The purpose of this review is to provide an update on the latest challenges addressed by neurorehabilitation initiated very early after the brain damage, such as dealing with disorders of consciousness in terms of diagnosis, prognosis and rehabilitative treatment, or determining best timing for first rehabilitative intervention, best therapeutic approaches and best modalities.

Recent findings

Early management of patients with severe brain damage requires a multidisciplinary rehabilitative approach that encompasses clinical skills in various fields, standard therapies, and assistive technologies.

Recent findings

Despite a high rate of misdiagnosis and poor outcome prediction in disorders of consciousness, the observation of subtle motor signs may be a promising way to reach accurate diagnosis and better outcome prediction.

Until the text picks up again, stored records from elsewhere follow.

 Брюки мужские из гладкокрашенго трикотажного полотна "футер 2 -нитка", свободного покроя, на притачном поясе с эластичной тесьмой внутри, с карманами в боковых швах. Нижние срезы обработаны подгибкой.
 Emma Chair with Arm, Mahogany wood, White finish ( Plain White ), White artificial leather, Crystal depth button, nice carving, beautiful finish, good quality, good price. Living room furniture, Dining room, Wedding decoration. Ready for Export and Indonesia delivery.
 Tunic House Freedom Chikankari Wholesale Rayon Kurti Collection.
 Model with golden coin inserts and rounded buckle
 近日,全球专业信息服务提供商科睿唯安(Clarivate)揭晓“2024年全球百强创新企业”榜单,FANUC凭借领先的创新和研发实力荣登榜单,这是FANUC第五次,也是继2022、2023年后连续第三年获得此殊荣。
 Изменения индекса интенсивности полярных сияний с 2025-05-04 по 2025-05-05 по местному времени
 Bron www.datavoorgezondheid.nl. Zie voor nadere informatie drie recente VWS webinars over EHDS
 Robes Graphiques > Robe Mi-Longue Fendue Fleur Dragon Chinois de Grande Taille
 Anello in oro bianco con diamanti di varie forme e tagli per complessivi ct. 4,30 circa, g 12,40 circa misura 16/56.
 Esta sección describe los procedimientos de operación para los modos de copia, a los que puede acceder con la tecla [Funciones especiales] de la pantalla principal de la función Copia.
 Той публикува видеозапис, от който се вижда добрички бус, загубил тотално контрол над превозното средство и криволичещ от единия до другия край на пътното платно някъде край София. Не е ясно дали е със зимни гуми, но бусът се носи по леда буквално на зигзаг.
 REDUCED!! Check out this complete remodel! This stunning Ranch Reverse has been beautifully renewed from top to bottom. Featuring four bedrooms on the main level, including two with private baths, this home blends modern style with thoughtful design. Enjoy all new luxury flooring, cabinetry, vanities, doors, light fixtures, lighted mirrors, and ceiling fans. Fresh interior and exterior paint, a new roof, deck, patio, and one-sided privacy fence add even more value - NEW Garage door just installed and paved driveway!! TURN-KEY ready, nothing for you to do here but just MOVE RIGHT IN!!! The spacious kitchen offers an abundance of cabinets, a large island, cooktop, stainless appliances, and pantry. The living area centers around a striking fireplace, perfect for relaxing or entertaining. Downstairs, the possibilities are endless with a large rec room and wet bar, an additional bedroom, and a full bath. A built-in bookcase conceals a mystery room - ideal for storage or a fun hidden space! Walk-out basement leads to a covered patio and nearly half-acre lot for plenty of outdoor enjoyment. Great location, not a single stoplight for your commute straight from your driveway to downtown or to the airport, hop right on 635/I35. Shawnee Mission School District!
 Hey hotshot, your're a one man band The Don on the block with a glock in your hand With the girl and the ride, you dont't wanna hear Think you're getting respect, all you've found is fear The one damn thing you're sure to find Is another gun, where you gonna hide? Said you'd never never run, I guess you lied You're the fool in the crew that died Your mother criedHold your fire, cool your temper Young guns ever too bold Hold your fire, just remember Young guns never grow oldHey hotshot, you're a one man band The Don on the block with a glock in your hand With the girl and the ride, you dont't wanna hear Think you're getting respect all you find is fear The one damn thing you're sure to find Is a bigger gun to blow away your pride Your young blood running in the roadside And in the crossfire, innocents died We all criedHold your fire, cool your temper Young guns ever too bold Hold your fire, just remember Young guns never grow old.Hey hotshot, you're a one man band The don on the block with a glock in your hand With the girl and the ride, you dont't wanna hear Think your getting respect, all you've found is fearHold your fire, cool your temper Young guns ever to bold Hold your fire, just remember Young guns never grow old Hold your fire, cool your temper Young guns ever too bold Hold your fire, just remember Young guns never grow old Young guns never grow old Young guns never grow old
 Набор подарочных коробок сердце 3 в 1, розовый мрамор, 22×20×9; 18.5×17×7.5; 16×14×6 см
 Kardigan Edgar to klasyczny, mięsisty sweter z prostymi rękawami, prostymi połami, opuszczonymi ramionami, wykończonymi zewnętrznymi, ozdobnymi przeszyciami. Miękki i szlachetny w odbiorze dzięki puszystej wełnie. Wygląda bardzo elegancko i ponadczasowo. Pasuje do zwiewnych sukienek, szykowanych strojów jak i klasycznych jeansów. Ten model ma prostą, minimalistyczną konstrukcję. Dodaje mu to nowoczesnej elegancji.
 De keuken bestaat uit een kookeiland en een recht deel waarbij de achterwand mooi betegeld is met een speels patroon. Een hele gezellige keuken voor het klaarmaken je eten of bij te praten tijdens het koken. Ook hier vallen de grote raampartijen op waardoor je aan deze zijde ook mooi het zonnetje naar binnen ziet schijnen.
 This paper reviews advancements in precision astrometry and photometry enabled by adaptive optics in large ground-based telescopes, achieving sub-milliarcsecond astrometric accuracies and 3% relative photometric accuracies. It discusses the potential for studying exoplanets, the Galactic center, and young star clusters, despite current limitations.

Neurosensory stimulation remains the current treatment to promote emergence from disorders of consciousness.

Recent findings

Early timing of neurological rehabilitation is definitively efficient, but a safety period should be respected. Some standard therapies and assistive technologies have demonstrated explicit evidence in neurological recovery and high treatment dose is needed to emphasize the therapeutic effect, but several controversies persist in treatment evidence.


Current advancements have provided growing evidence for early neurorehabilitation, which should be definitively applied, but further studies are explicitly needed to diminish persistent controversies in the field.